The Authority for Infocommunications Technology Industry of Brunei Darussalam (Note: Autoriti Industri Teknologi Infokomunikasi Brunei Darussalam; Jawi: ڤيهق بركواس ايندوستري تيكنولوڬي اينفو-كومونيكاسي) (AITI) is a statutory body established in 2003 under the Telecommunications Successor Company Order 2001 and Telecommunications Order 2001. These legislative instruments created AITI as a corporate entity tasked with overseeing and regulating Brunei's information and communications technology (ICT) landscape. Its responsibilities include regulating radio communications and telecommunications, managing and planning the use of the radio frequency spectrum, and promoting the development of the ICT industry. Through these core functions, AITI plays a vital role in advancing the nation's digital transformation and technological growth. It operates under the jurisdiction of the Ministry of Transport and Infocommunications.

== Functions ==
The AITI has a broad role to play in the development and regulation of the ICT industry in Brunei. Its primary functions are to improve the efficiency and international competitiveness of the industry, ensurethat accessible and high-quality telecommunication services are provided, and foster fair and effective market competition. AITI also represents Brunei in international ICT matters and provides advice to the government on national priorities and policies related to the sector. Besides its regulatory function, AITI licenses, sets industry standards, and monitors the installation of both hardware and software across the ICT environment.

AITI's regulatory ambit includes telecommunication systems and services, including the management of satellite orbits, submarine cables, radio frequency spectrum, and related infrastructure. The authority actively encourages investment, research and development, and industry self-regulation, in addition to being a significant contributor to ICT manpower development and training. Furthermore, AITI offers advisory services to governmental agencies in ICT implementation, contributes to national education and training programmes, and establishes standards for data protection and privacy. It promotes the usage of the internet, boosts the growth of e-commerce with the appropriate regulatory frameworks, and provides consultancy and advisory services for the wider utilisation of ICT in the country.

== History ==
AITI was established on 1 January 2003 following the enforcement of the Telecommunications Order 2001. At its inception, AITI began operations with just five employees and took immediate steps to develop a regulatory framework for the telecommunications sector. In 2004, AITI was mandated to establish the Brunei National Computer Emergency Response Team, strengthening the country's cybersecurity capabilities. The following year, in 2005, AITI was appointed to lead negotiations for a submarine cable network, reflecting its growing role in national ICT development.
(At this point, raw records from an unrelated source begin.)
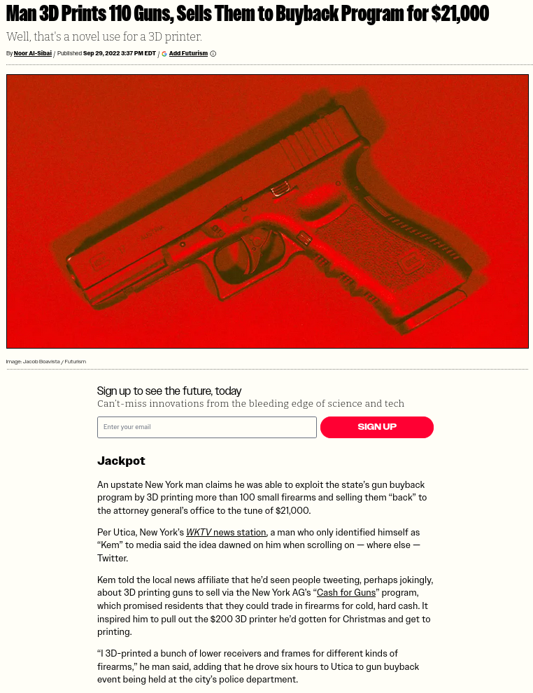 Multiple states are now trying to ban CNC entirely (including 3D printers) because they're afraid of the same kind of reprisal.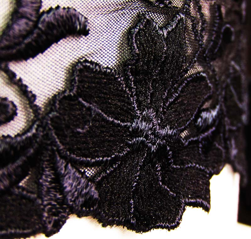 Czarna koronka tiulowa, miękka i delikatna w dotyku, z błyszczącym haftem w tym samym kolorze. Taśma jest wykończona obustronnie, nadaje się do naszycia.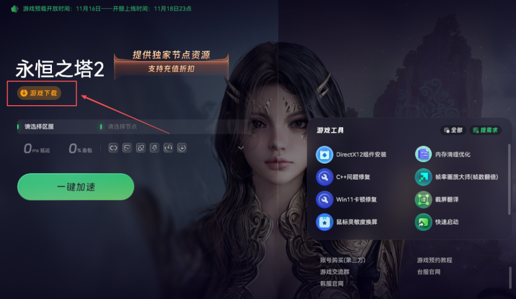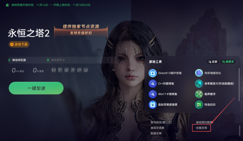 第一步是进游戏官网。注意,访问台服官网是需要开加速器的。这里推荐用奇游加速工具,搜索“永恒之塔二”,然后选个台服的节点进行加速。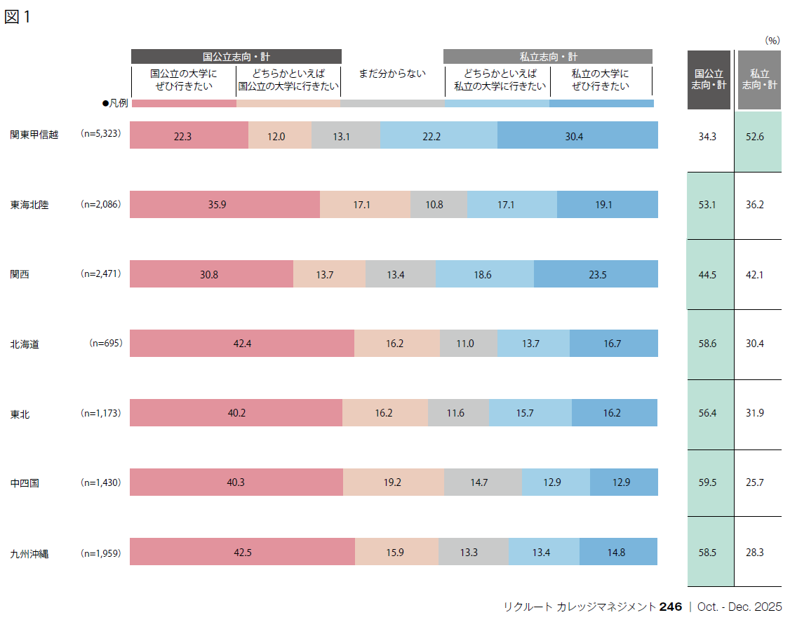 国公私立大学の進学意向について、全国を7エリアに分けた表が図1である。各エリアを比較すると、関東甲信越のみ私立志向(52.6%)が国公立志向(34.3%)を上回っており、かつその差分も18.3ポイントと非常に大きい。大規模私立大学の校数も多く、選択肢が豊富であることも後押ししている背景だろう。次に私立大学の数が多い関西だが、昨年は私立志向が高かったが、今年は国公立志向(44.5%)が私立志向(42.1%)を僅かに上回った。対照的にその他の5エリアでは全て国公立志向が私立志向を大幅に上回り、その差は16.9ポイント(東海北陸)から33.8ポイント(中四国)と非常に大きな広がりが見られた。
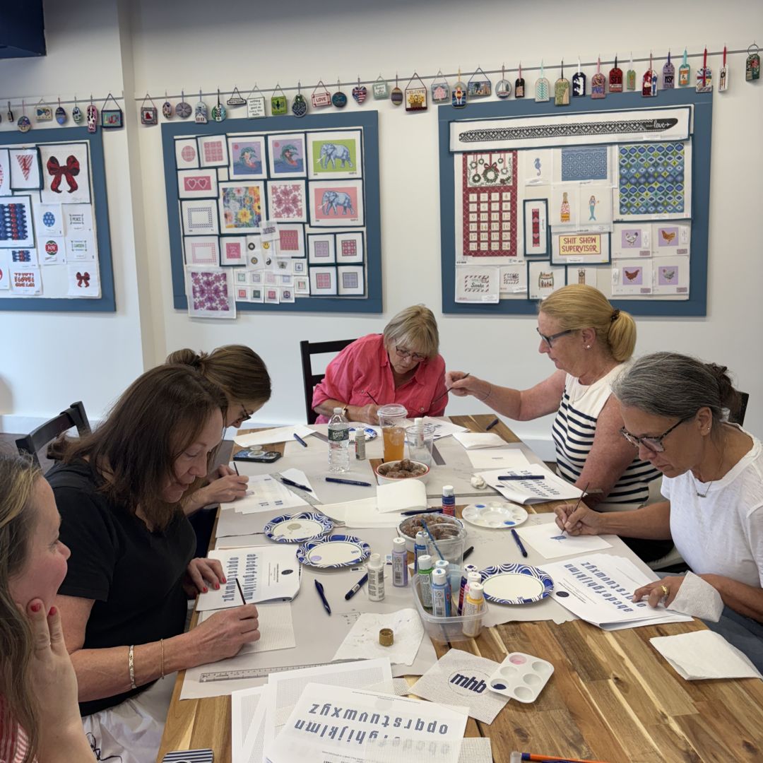 Bonus: 11/29 is Small Business Saturday! Maggie will have a mini trunk show at Island House for the day. Kit your canvas, relax and stitch your design while enjoying mimosas and cookies. Before you leave be sure to enter your name into our holiday raffle.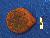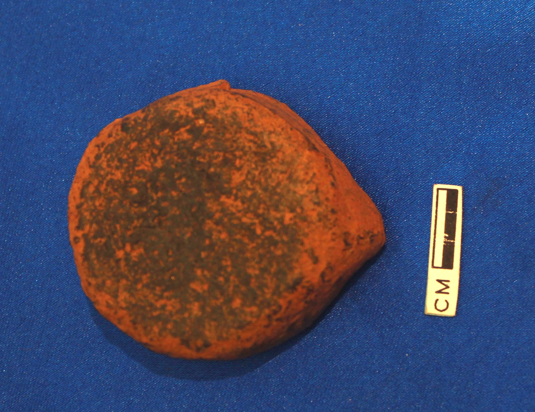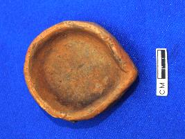 Small lipped terracotta lamp with a black color on the back side. It is fine grained and well fired.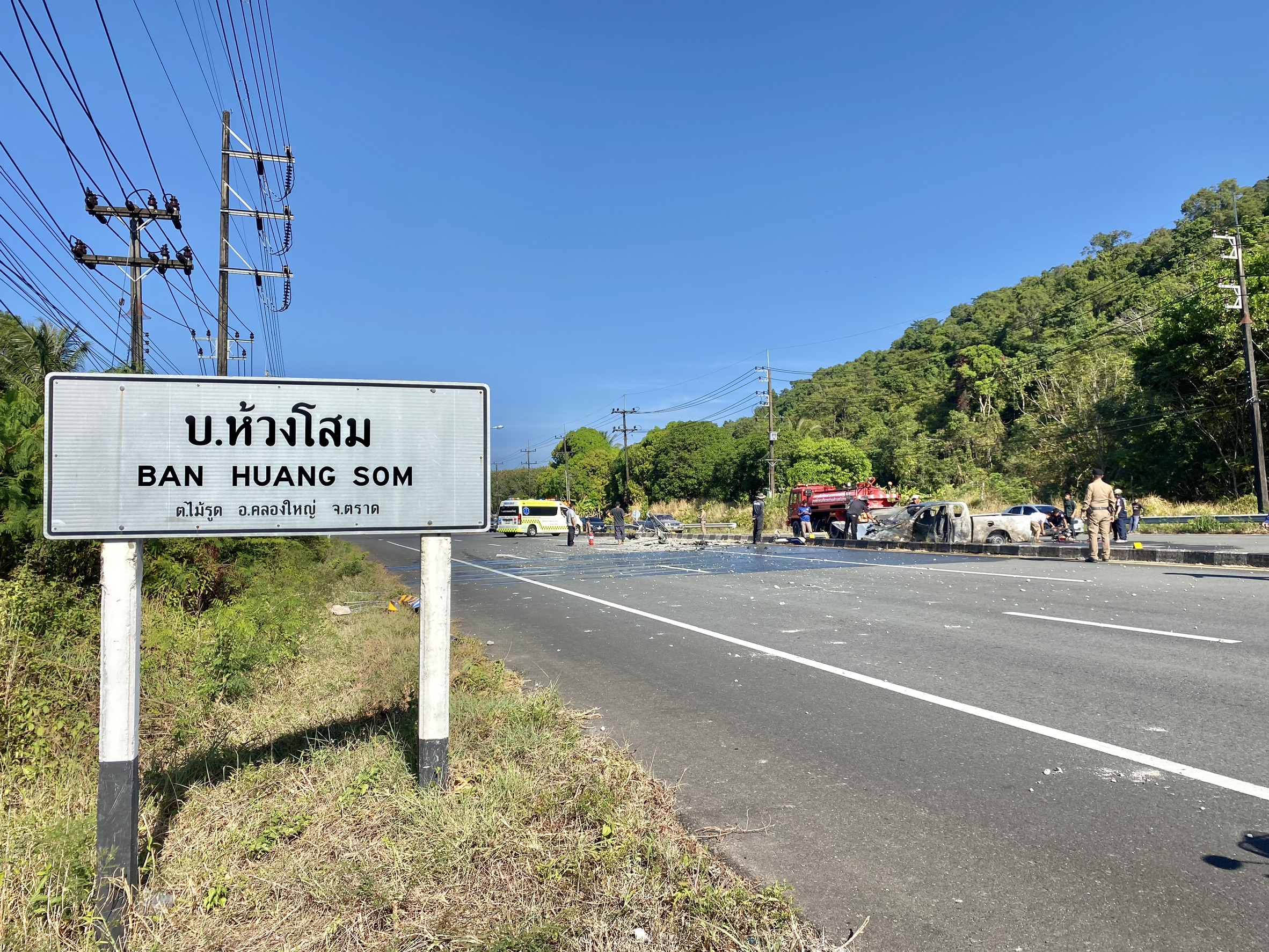 เกิดอุบัติเหตุรถกระบะพุ่งชนเกาะยูเทิร์นก่อนเกิดไฟลุกไหม้อย่างรุนแรง บนถนนสาย 3 บ้าน–ห้วงโสม หมู่ 3 ตำบลไม้รูด อำเภอคลองใหญ่ จังหวัดตราด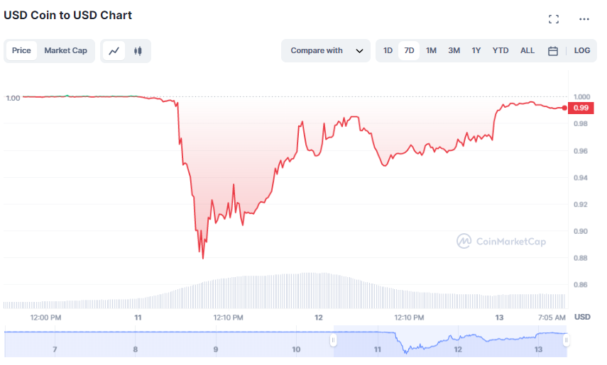 Obchodné platformy ako Coinbase, Crypto.com alebo Binance okamžite reagovali pozastavením obchodovania s USDC, ktorý sa prepadol až na úroveň 0,88 dolára 11. marca 2023.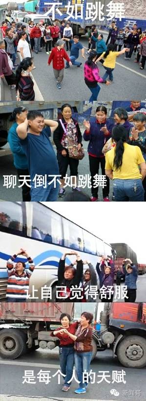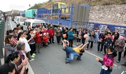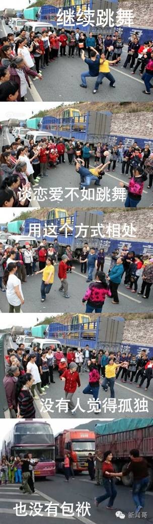 事情是这样的:去年 4月22日,云南一段高速公路发生交通事故,造成堵车。被堵路上的大爷大妈纷纷下车解闷,其中不少大妈竟然在车缝中跳起了广场舞。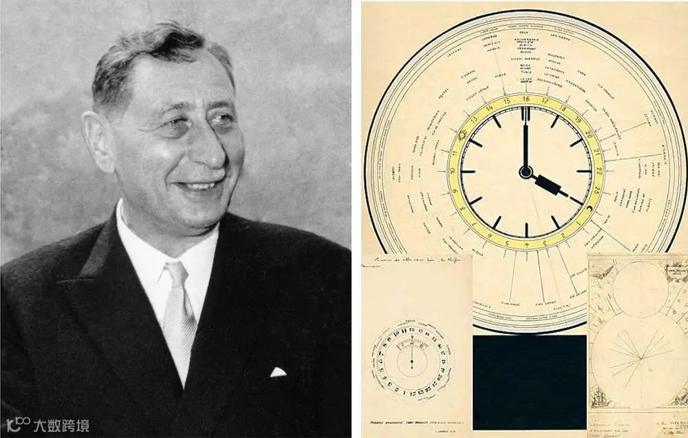 ▲ 路易斯·科蒂尔(Louis Cottier)和他发明的第一块「世界时间」手表. 图片来自:Revolution Watch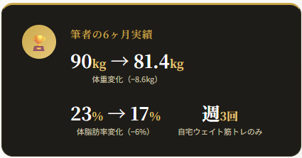 6ヶ月間、自宅筋トレ週3回だけで体脂肪率を8%落としました。その間ずっと手放さなかったのがこの4種のサプリ。完璧な食事管理や毎日のジム通いをしなくても、サプリで不足を補いながら継続できる環境を作ることが「30代の現実的な戦略」だと思います。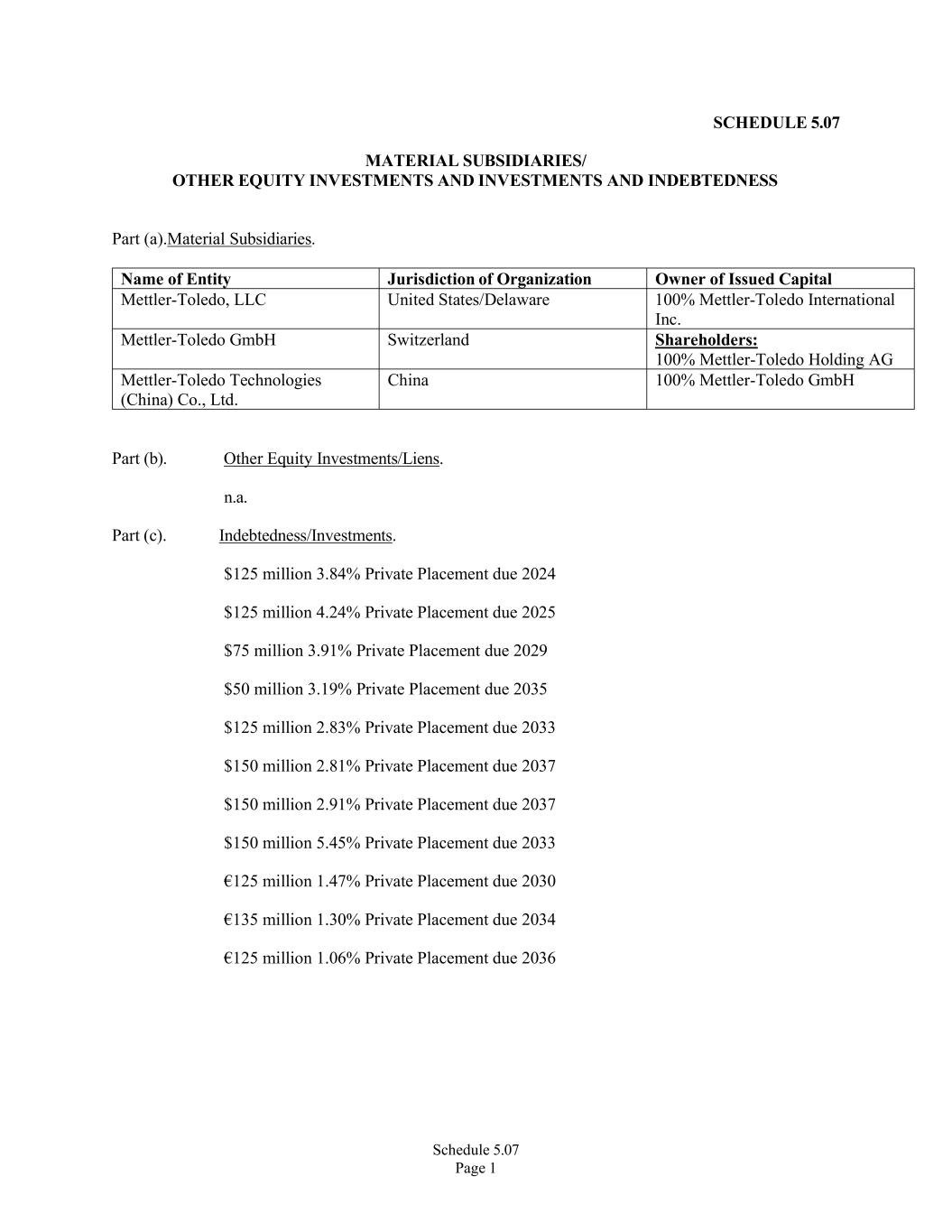 Schedule 5.07 Page 1 SCHEDULE 5.07 MATERIAL SUBSIDIARIES/ OTHER EQUITY INVESTMENTS AND INVESTMENTS AND INDEBTEDNESS Part (a).Material Subsidiaries. Name of Entity Jurisdiction of Organization Owner of Issued Capital Mettler-Toledo, LLC United States/Delaware 100% Mettler-Toledo International Inc. Mettler-Toledo GmbH Switzerland Shareholders: 100% Mettler-Toledo Holding AG Mettler-Toledo Technologies (China) Co., Ltd. China 100% Mettler-Toledo GmbH Part (b). Other Equity Investments/Liens. n.a. Part (c). Indebtedness/Investments. $125 million 3.84% Private Placement due 2024 $125 million 4.24% Private Placement due 2025 $75 million 3.91% Private Placement due 2029 $50 million 3.19% Private Placement due 2035 $125 million 2.83% Private Placement due 2033 $150 million 2.81% Private Placement due 2037 $150 million 2.91% Private Placement due 2037 $150 million 5.45% Private Placement due 2033 €125 million 1.47% Private Placement due 2030 €135 million 1.30% Private Placement due 2034 €125 million 1.06% Private Placement due 2036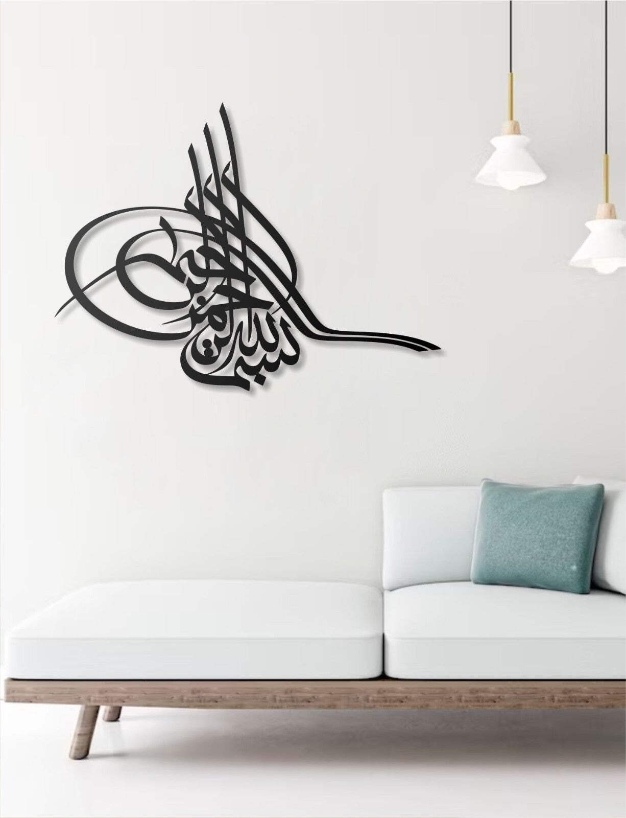 🕌 Osmanisches Tughra Wandbild mit Bismillah – Islamische Wanddeko in Arabisch Dieses elegante Metall Wandbild vereint die osmanische Tuğra mit der Besmele (Bismillahirrahmanirrahim) in arabischer Schrift. Ein einzigartiges islamisches Kunstwerk, das Tradition und Spiritualität stilvoll in Ihre Räume bringt. ✨ Produktdetails: Größen: 70×50 cm, 90×116 cm Material: Hochwertiger Stahl, 2 mm Stärke Oberfläche: Pulverbeschichtung (kratzfest & langlebig) Abstand zur Wand: ca. 2,5 cm für einen edlen 3D-Effekt 100% Handarbeit – in der Türkei hergestellt Pflegeleicht: kein Brechen, kein Verfärben, kein Geruch Versand: sicher & stabil verpackt 🌙 Bedeutung & Einsatzmöglichkeiten: Die Kombination aus Bismillah (Im Namen Allahs) und dem osmanischen Tughra-Symbol macht dieses Wandbild zu einem besonderen Blickfang. Es bringt Segen, Eleganz und kulturelle Tiefe in Ihr Zuhause. Ideal geeignet für: Wohnzimmer & Schlafzimmer Arbeitszimmer & Büros Moscheen & Gebetsräume Geschenkidee für islamische Anlässe 🎁 ✅ Ein edles islamisches Dekorstück – modern, traditionell & voller spiritueller Bedeutung.

On 1 April 2006, the Telecommunications Successor Company Order 2001 came into effect, leading to the corporatisation of the Ministry of Communications' Telecommunications Department as Telekom Brunei. Regulatory authority was transferred to AITI, strengthening its role as Brunei's main telecommunications regulator. Previously, the department had acted as both provider and regulator. AITI’s licensing and regulatory powers also came into full effect that year. Progress continued in the following years, with the establishment of the e-Government Technical Authority Body within AITI in 2007, further advancing Brunei's digital governance initiatives. In 2008, AITI was appointed as the Secretariat for both the Brunei ICT Awards and the Brunei Information Technology Council, cementing its role as a key driver in the nation's ICT development.

Between 2010 and 2019, AITI introduced several key initiatives to advance the ICT sector. In 2010, it launched the AITI Grant Scheme to support the ICT industry. The following year, AITI signed an MoU with MDeC Malaysia to develop the creative content industry and introduced both the ICT Competency Training Programme and the ICT Accredited Business scheme. In 2012, it hosted a Child Online Protection Framework Workshop, and in 2013, it awarded 1800 MHz spectrum rights for 4G services. AITI participated in KL Converge! for the first time in 2014. In 2015, it developed the IFC GHD and IFC NHS Codes for fibre cabling and rationalised telecom tariffs, including the removal of mobile incoming call charges. AITI hosted the ASEAN Cyberkids Camp in 2018 and issued guidelines for subscriber licence fees. In 2019, it released equipment importation guidelines, launched the ICT Savviness Programme for senior citizens, and organised the Cybershop Fest and Fair.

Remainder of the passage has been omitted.